Paul Cézanne was born in 1839 in Aix-en-Provence, the son of a wealthy banker, and became the most influential painter of the late nineteenth century — the artist who, in the words of both Matisse and Picasso, was “the father of us all.” His early work was dark, thickly painted, and sometimes violently expressive, but contact with the Impressionists, particularly Pissarro, taught him to lighten his palette and work outdoors. From this starting point, Cézanne spent the remaining three decades of his life pursuing a goal that no other painter had articulated: to “redo Poussin from nature” — to find an art that was both true to visual sensation and structurally solid.
His method was painstaking and revolutionary.
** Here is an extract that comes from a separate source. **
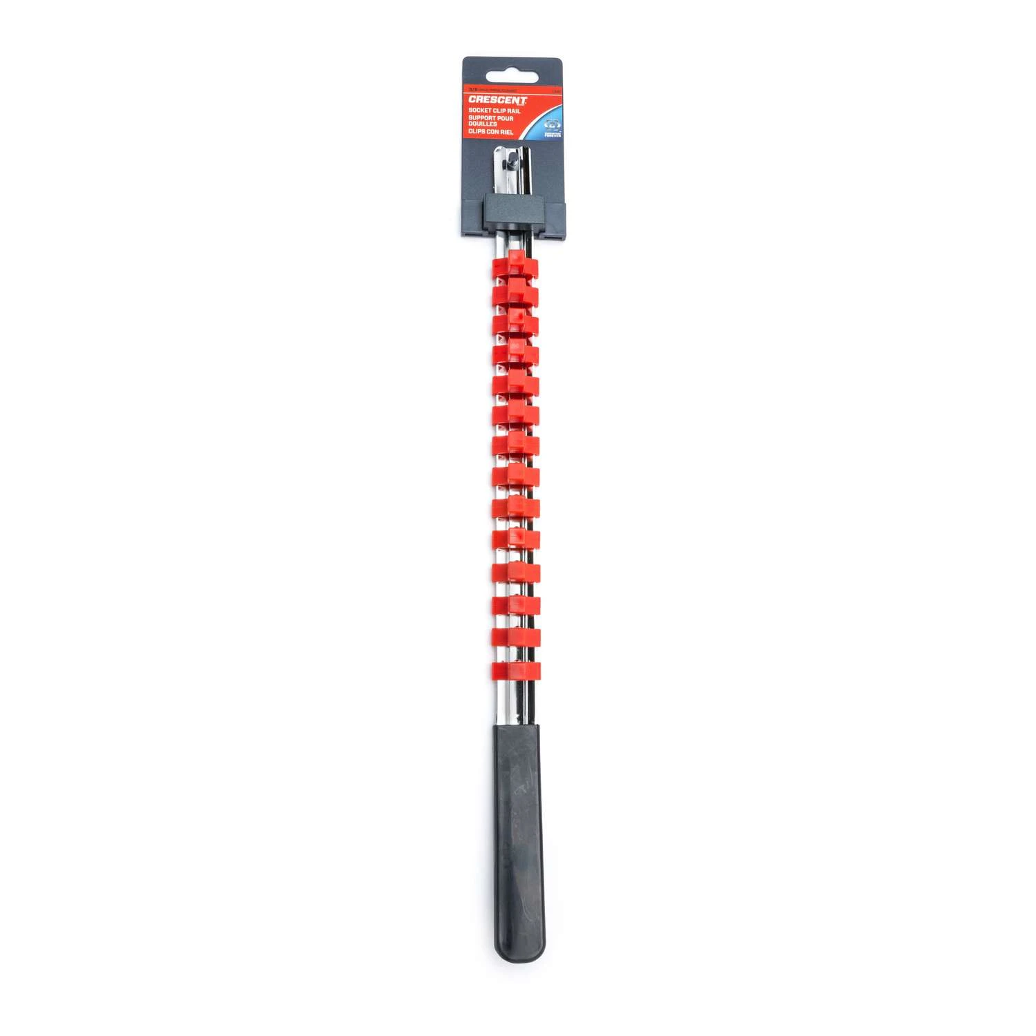 This Crescent 3/8 inch drive socket rail is specially formulated and heat-treated for high strength and superior resistance to abrasion and corrosion.Perfect to store organize and easily find all your socketsDrilled at end for easy attachment to wall, workbench or drawerExceeds ASME specification B107.10M

Working slowly before the motif — a bowl of apples, a mountain, a group of bathers — Cézanne built his forms through carefully modulated patches of colour, each brushstroke a building block in a constructed architecture of planes and volumes. Mont Sainte-Victoire, which he painted over sixty times, becomes in his hands not a topographical record but a shimmering, faceted structure hovering between representation and abstraction. The Card Players (c. 1890–1895) reduces genre painting to monumental essentials.
Cézanne exhibited rarely and was little known outside a small circle of admirers until the retrospective exhibition at the 1907 Salon d’Automne, the year after his death. The impact was explosive: Braque and Picasso launched Cubism directly from his example, and virtually every major painter of the twentieth century has acknowledged his influence.